__DATA__
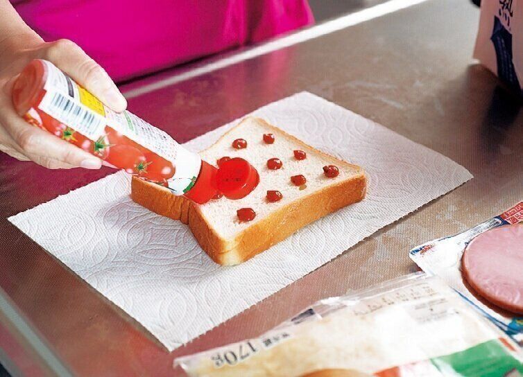 ピザトーストを作るとき、ピザソースを「塗ろう」とすると塗るスプーンなどが必要になり、洗い物が増える!そこでソース類はチューブからそのまま「点でのせる」ことに。その上にハムとチーズをのせて焼けば、問題なし。
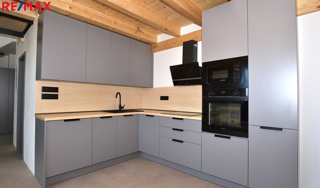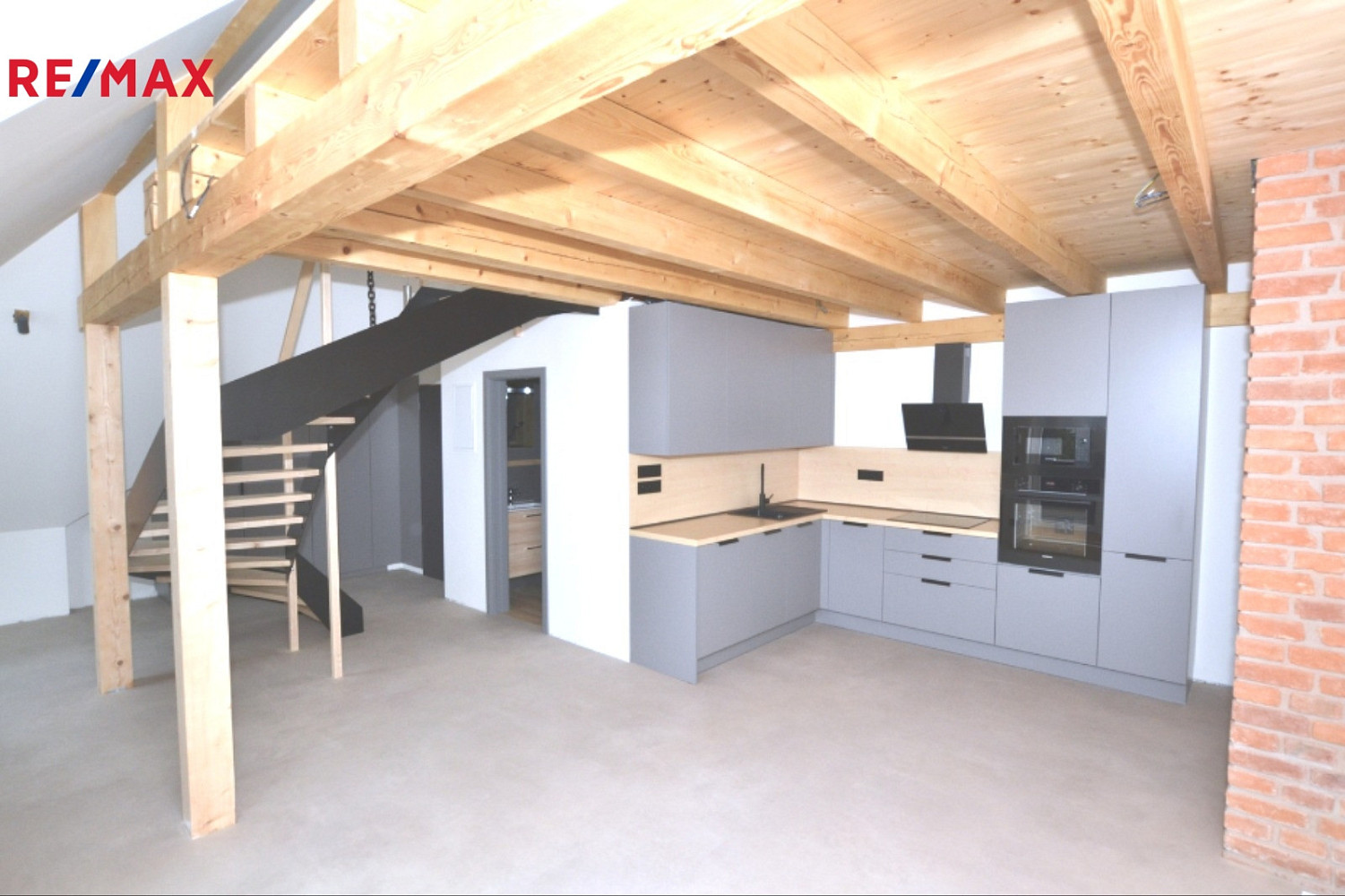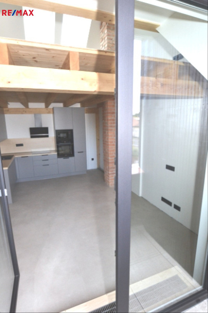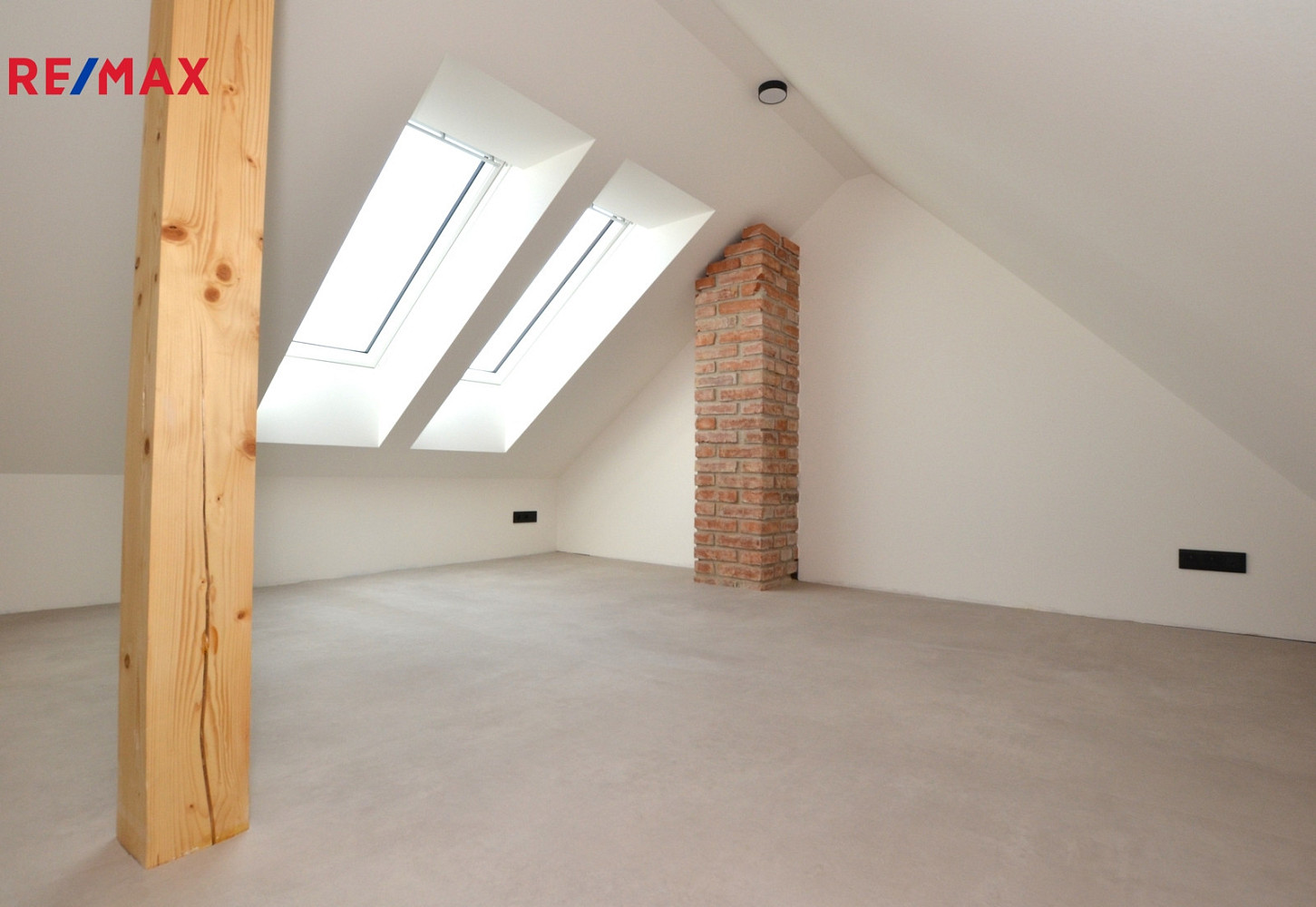 Byt čeká na svého prvního nájemce. Okna obývacího pokoje s lodžií jsou orientována na západní stranu, střešní okna ložnice jsou orientována na východní stranu do zahrady se vzrostlými stromy, kterou nájemce může využívat k relaxaci.
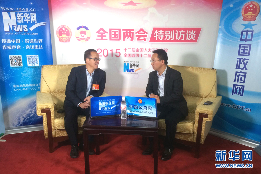 在人民大会堂新华网/中国政府网两会访谈间接受记者专访。

__EXERCISE DESCRIPTION__
Any images must be dropped; all other material is to be printed exactly.

__COMPLETED EXERCISE__
 ピザトーストを作るとき、ピザソースを「塗ろう」とすると塗るスプーンなどが必要になり、洗い物が増える!そこでソース類はチューブからそのまま「点でのせる」ことに。その上にハムとチーズをのせて焼けば、問題なし。
 Byt čeká na svého prvního nájemce. Okna obývacího pokoje s lodžií jsou orientována na západní stranu, střešní okna ložnice jsou orientována na východní stranu do zahrady se vzrostlými stromy, kterou nájemce může využívat k relaxaci.
 在人民大会堂新华网/中国政府网两会访谈间接受记者专访。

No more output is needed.